In an email sent to Cooper in December, a representative from the organization wrote that her request for a medical exemption had been denied and that “male-to-female transgenders are not allowed to compete as females in our static strength sport, as it is a direct competitive advantage.”

I followed all the rules leading up to competing, and, like, my own beliefs aside, that should be enough,” Cooper told VICE News. “This is what happens, right? When trans people meet all the rules, they’ll just establish more rules to govern our bodies and our participation in society, and in sport.”

Then, in late January, after Cooper started speaking out about not being able to compete, the federation published a transgender policy banning transmasculine athletes who take testosterone, as well as all transfeminine athletes.

VICE News spent time with Cooper in her Minnesota home gym and traveled to Washington, D.C., to attend a meet where a lifter protested the transgender policy.

I followed all the rules leading up to competing.”

In its policy, USA Powerlifting claims that transmasculine athletes who take testosterone as part of their transition are essentially doping. Moreover, because some transfeminine powerlifters go through a male-typical puberty, the organization says those athletes will have traits such as “higher bone density,” that “even with reduced levels of testosterone, do not go away.” Therefore, USA Powerlifting believes that transfeminine athletes have an unfair advantage over cis women athletes.

“USA Powerlifting is not a fit for every athlete and for every medical condition or situation,” the federation wrote on its website.

USA Powerlifting’s transgender policy is “sloppy,” said Katrina Karkazis, a bioethicist at Yale University who works on sex testing regulations in sports and will soon publish a book on testosterone. The truth is more complicated. For one thing, there’s no evidence that going through a male-typical puberty will necessarily give transwomen or transfeminine individuals an advantage over cis women, according to Karkazis.

“I actually, as a woman, would find that insulting — as a woman athlete,” she said.

Individuals who suppress testosterone synthesis, like Cooper, may also experience side effects that could negatively affect their sports performance.

“You might lose some muscle mass by lowering your testosterone level,” Karkazis said. “And those drugs also have side effects that can include fatigue, that can include metabolic issues.”

As for testosterone, the hormone does have a physiological impact — it affects lean body tissue, for instance — but when it comes to sports, “you can’t assume that the people with the highest levels of testosterone do better,” Karkazis said.

And more fundamentally, testosterone can’t be used to create a clear distinction between male and female athletes — or cis and trans athletes, for that matter.
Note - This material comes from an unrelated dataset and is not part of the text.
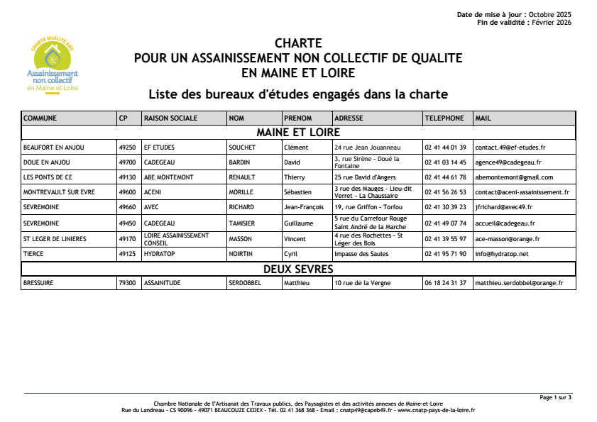 Liste des installateurs

That’s because elite athletes, male and female, sometimes produce the same amount of testosterone.

Since USA Powerlifting’s ban was put in place, a small number of unaffected powerlifters have protested the policy by “timing-out” during their lift attempts. They stand or sit in front of the barbell and intentionally refuse to lift.
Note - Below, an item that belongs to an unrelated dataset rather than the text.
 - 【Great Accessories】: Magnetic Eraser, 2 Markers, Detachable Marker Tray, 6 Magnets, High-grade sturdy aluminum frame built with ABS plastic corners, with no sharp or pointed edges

“The ban is based on fake science and myth about what it means to be male or female, and I would welcome anybody to compete in a manner consistent with their gender identity,” said Breanna Diaz, a powerlifter and the co-director of Pull for Pride, a nationwide deadlifting fundraiser that supports homeless LGBTQ youth. Diaz “timed-out” in protest of the ban during her squat and bench-press attempts at a district meet in D.C. in April.

She was disqualified before she could move on to the deadlift.

On May 3, USA Powerlifting sent an email to its female members asking them to weigh in on the transgender policy through an online vote. The results of the vote, as well as the transgender policy itself, are set to be discussed at a USA Powerlifting board meeting on Thursday.

The president of USA Powerlifting, Larry Maile, declined an interview with VICE News. “We will discuss this among our members, review all sides of the issue and come to what we feel is the best decision for our organization,” he said in a written statement. “There’s no point in trying to convince a partisan crowd.”

This segment originally aired May 8, 2019, on VICE News Tonight on HBO.